PROMPT>
Exactly reproduce the lines of the listing below from the one containing "春夏可外穿纯棉7分裤睡衣 甜美休闲简约舒适短袖家居服" through the one containing "Các CCB Hội". Skip the images.

RECORDS FOR THE TASK>

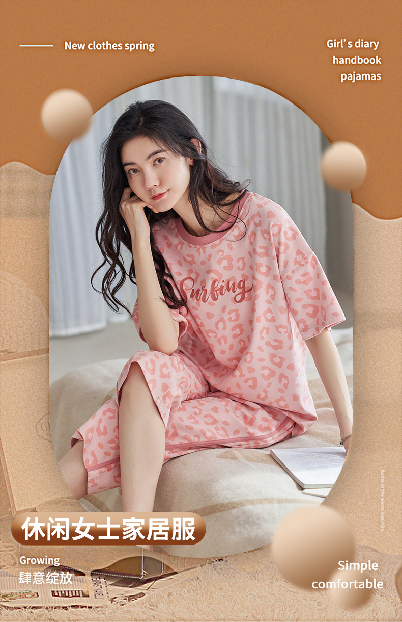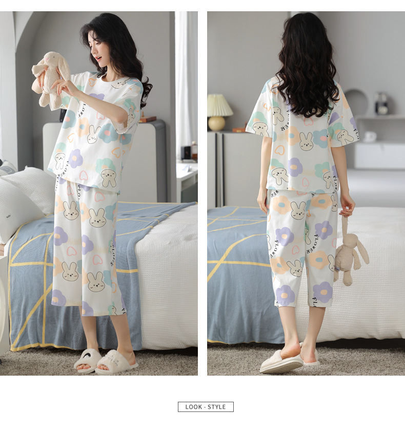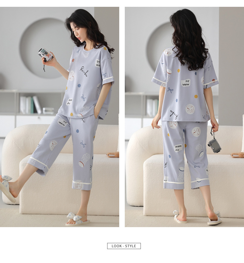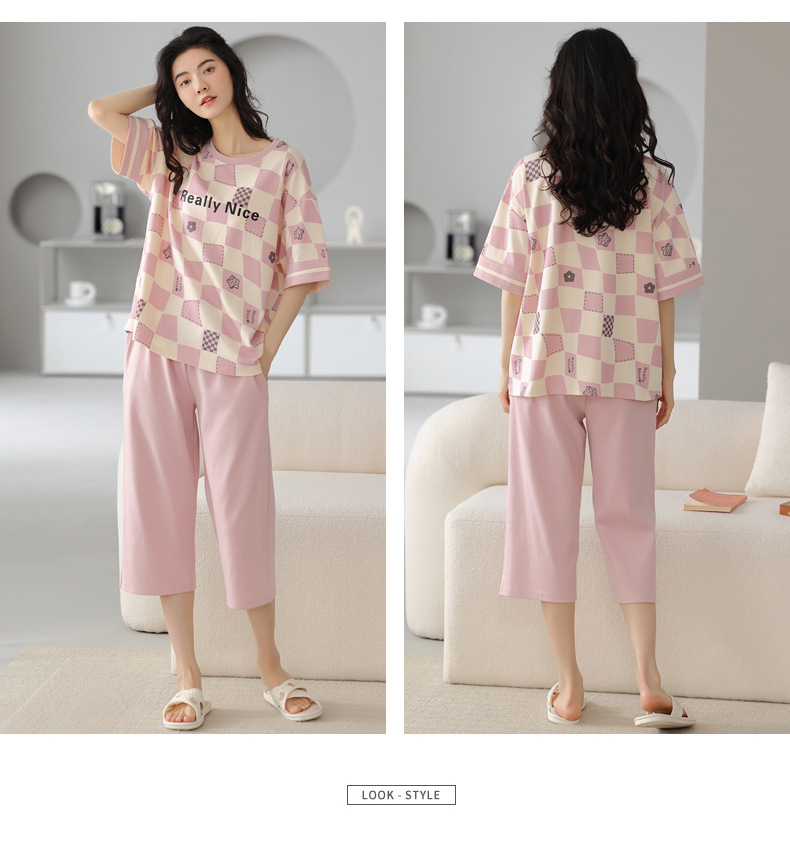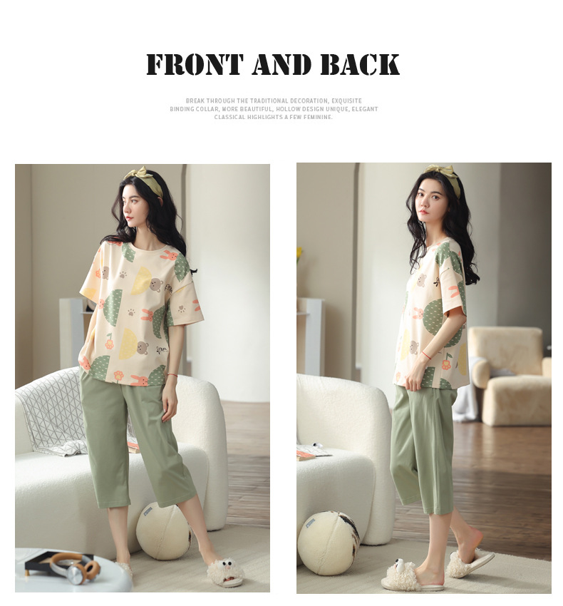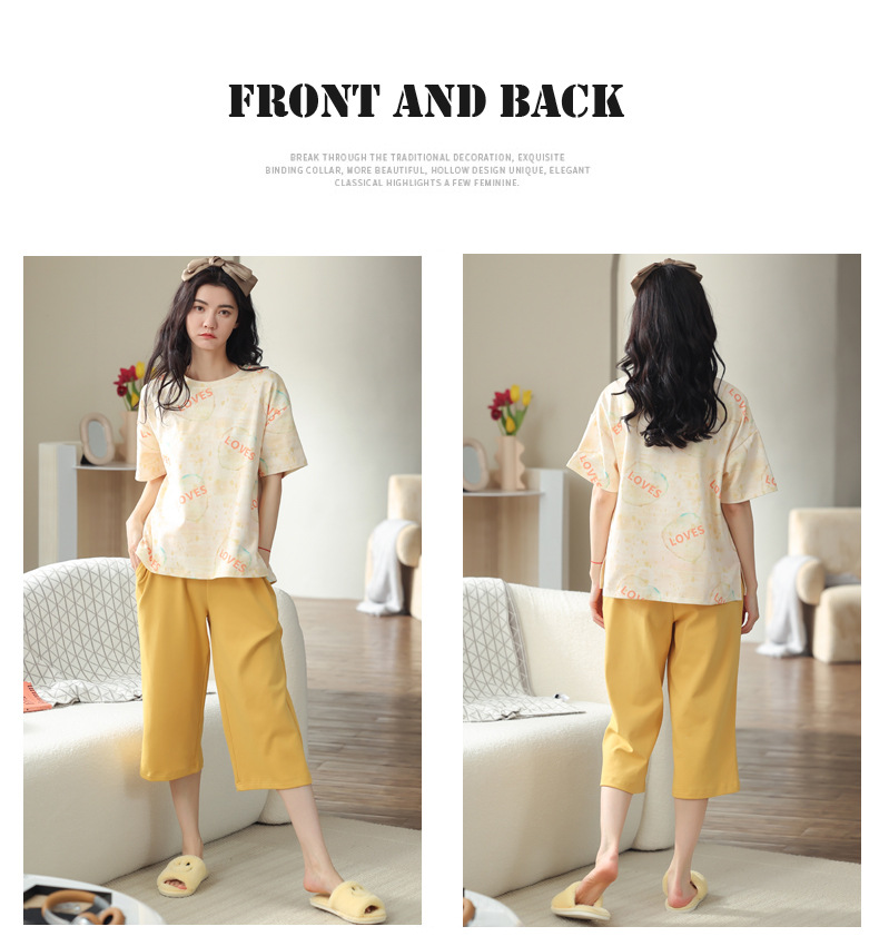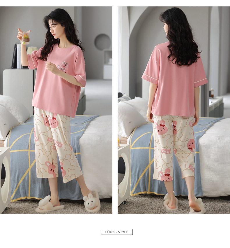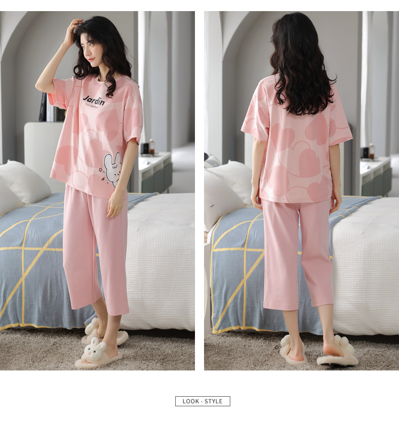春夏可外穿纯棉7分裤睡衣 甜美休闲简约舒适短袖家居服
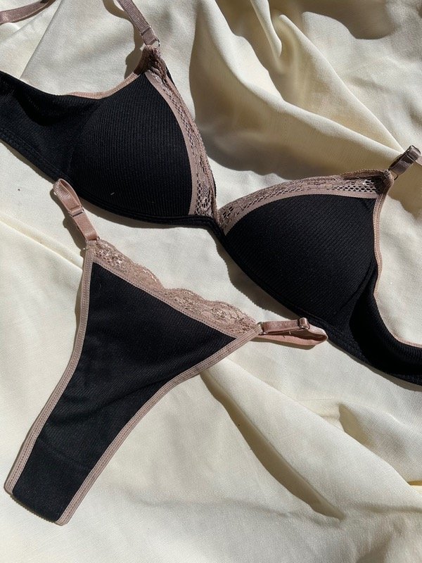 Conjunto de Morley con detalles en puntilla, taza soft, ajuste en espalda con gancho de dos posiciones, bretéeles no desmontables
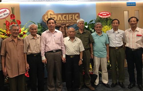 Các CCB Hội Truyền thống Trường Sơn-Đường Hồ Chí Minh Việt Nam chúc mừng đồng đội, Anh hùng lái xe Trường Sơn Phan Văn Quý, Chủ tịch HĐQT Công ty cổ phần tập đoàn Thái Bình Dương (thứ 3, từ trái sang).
--
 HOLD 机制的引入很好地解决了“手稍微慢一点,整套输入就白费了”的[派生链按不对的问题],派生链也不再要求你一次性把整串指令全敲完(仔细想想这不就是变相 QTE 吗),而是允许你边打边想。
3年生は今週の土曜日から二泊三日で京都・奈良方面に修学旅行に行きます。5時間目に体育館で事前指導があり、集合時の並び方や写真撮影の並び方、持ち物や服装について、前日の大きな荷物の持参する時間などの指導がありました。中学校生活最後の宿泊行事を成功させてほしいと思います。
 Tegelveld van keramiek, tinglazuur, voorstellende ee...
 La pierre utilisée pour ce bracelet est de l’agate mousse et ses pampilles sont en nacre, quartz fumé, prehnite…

ANSWER BOX>
春夏可外穿纯棉7分裤睡衣 甜美休闲简约舒适短袖家居服
 Conjunto de Morley con detalles en puntilla, taza soft, ajuste en espalda con gancho de dos posiciones, bretéeles no desmontables
 Các CCB Hội Truyền thống Trường Sơn-Đường Hồ Chí Minh Việt Nam chúc mừng đồng đội, Anh hùng lái xe Trường Sơn Phan Văn Quý, Chủ tịch HĐQT Công ty cổ phần tập đoàn Thái Bình Dương (thứ 3, từ trái sang).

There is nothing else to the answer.